Разумеется, окружающие считали иначе. Асмик перевязывала их раны, выслушивала их истории, а если на их глазах появлялись скупые слезы, могла утешить даже не словом, а взглядом. Вместе с ними она мужественно выносила недосыпание, усталость, холод зимних ночей. Она спешила на помощь тем, кто бедствовал, и если б Асет и другие мужчины узнали, что она делает это ради себя, они бы не стали ее осуждать.
— Все это время я думала о себе. Только о себе, — призналась Асмик Камрану, когда они шли к обрыву, и он ответил:
— Главное, чтобы ты думала о себе именно сейчас.
И вот она стояла на скале — залитая лучами восходящего солнца, напоминающая медное изваяние. Гигантский красный шар вынырнул из-за серых скал, и пятна бликов усыпали землю, словно лепестки роз.
— Спрячься за камнем. Посмотри, Тигран ли это, но ни в коем случае не подавай голоса, — прошептал Камран.
Асмик порывисто повернулась к нему; от ее трепетного, живого взгляда у него защемило сердце.

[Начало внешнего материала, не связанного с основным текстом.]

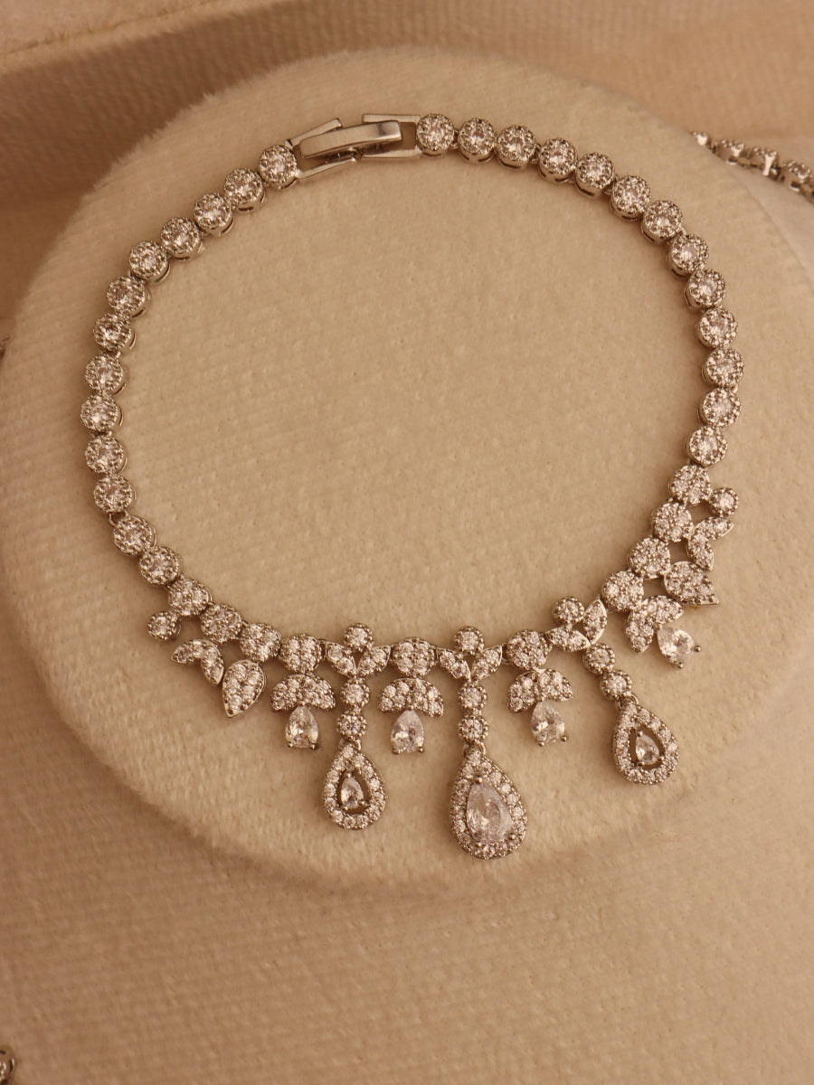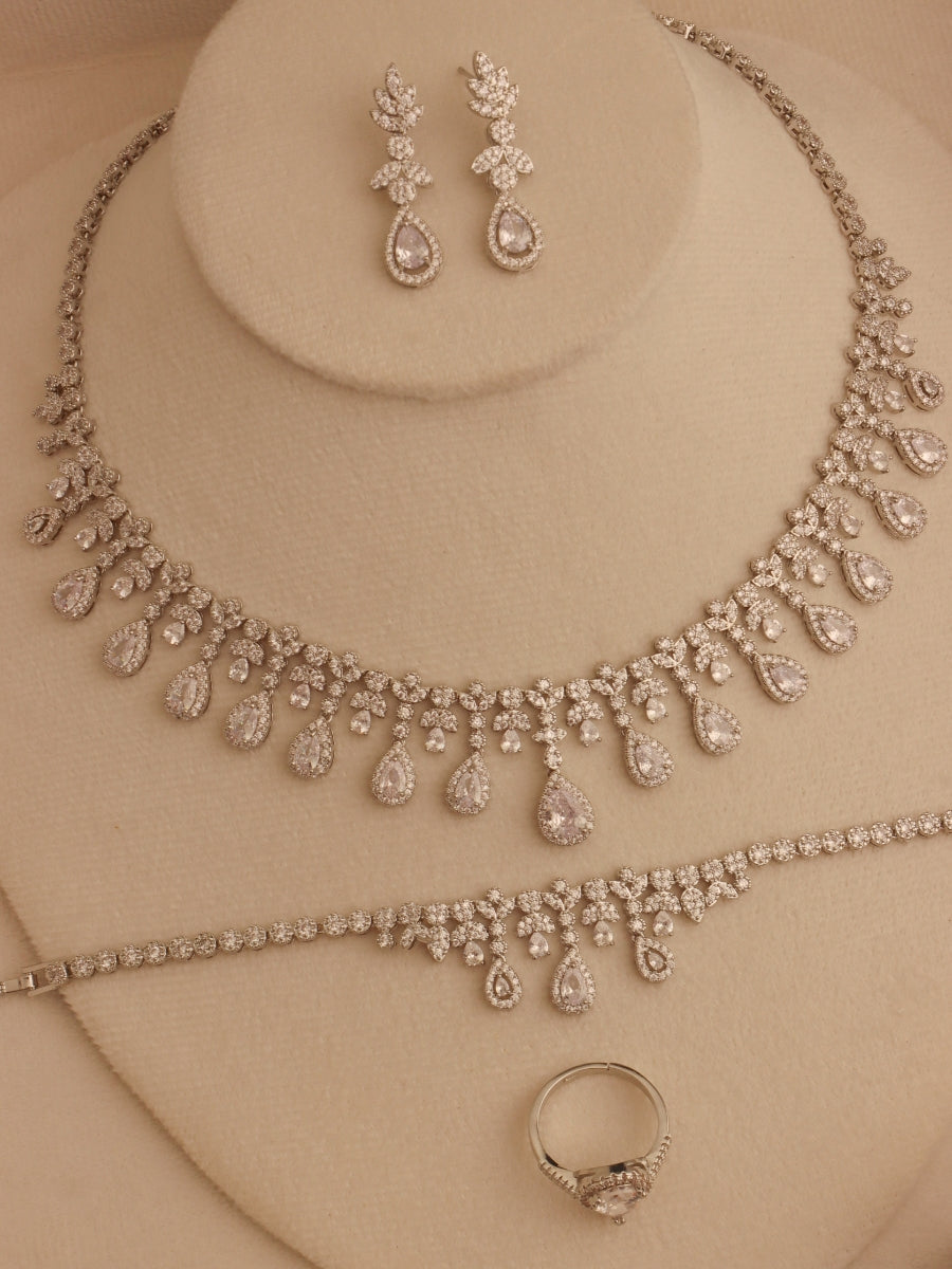 Capture the magic of a thousand sparkling stars with this breathtaking diamond-look jewelry set. Designed to make you feel like the radiant center of attention, this ensemble will leave a lasting impression on every special occasion. Let the intricate details and dazzling zircons tell your own unique story of elegance and sophistication. This is more than just jewelry; it's a piece of your heart, a treasure to cherish for a lifetime.

— А если он станет меня звать?!
— Даже в этом случае. Послушайся меня, Жасмин, — взволнованно произнес он и тихо добавил: — Хотя бы раз в жизни.
Они вместе отошли назад, отступили за камни. Вскоре арабы показались на противоположном краю обрыва. Один из них вытолкнул мальчика вперед, а второй наклонился к нему и что-то сказал.
— Мама! Мама, ты там? — Звонкий голос ребенка срывался. — Это я, Тигран!
У какой женщины хватит сил совладать с чувствами при виде собственного ребенка, которого она давно оплакала?!
Камран был начеку. Он вовремя схватил Асмик, не дал ей выбежать вперед, зажал рот, подавив готовый вырваться крик. Она изворачивалась и кусалась, но он был безжалостен и тверд. Остальные мужчины стояли в растерянности, не зная, стоит ли вмешиваться.
— Успокойся, Жасмин! Если ты сохранишь спокойствие, то скоро обнимешь своего сына.
Их взгляды встретились, и Асмик все поняла.
— Ты не можешь…
— Могу. Ты — мать Тиграна, ты ему нужна. А меня он даже не знает.
В его словах звучали сожаление, горечь и — величайшее облегчение. В глазах, будто солнце в темной заводи, плескались любовь и ласка.
— Я не переживу этого…
— Переживешь. С тобой будут дети. Я уверен, что твоя дочь тоже жива.
Он ненадолго задержал руки на ее плечах, после чего вышел вперед и крикнул:
— Чего вы хотите? Что вам нужно в обмен на мальчика?
Арабы о чем-то совещались, потом один из них ответил:
— Тебя, собака!
Камран облегченно вздохнул и закрыл глаза. Внезапно перед ним пронеслась вся его жизнь; это продолжалось всего несколько мгновений, мгновений простительной, горькой и одновременно сладкой слабости. Помедлив, он сказал:
— Я согласен! Где и когда мы встретимся?
Пока они договаривались, Асмик дрожала всем телом. По щекам женщины катились крупные, тяжелые слезы. Она больше не считала нужным скрывать ни свою слабость, ни свою любовь. Только было слишком поздно…
— Сколько ошибок, сколько всего ненужного в нашей жизни, — прошептала она, когда он вернулся.
— Безупречен только Бог, человек несовершенен. Вероятно, так было задумано с самого начала, потому в том нет нашей вины, — сказал Камран.
У них было мало времени, чтобы проститься. Остальные мужчины предупредительно отошли на расстояние, чтобы Асмик и Камран остались одни.
Она обхватила руками его лицо.
— Любимый, любимый! Прости, прости за все! Ты помогал мне избавиться от горя и вины, а я тебе ничем не помогла!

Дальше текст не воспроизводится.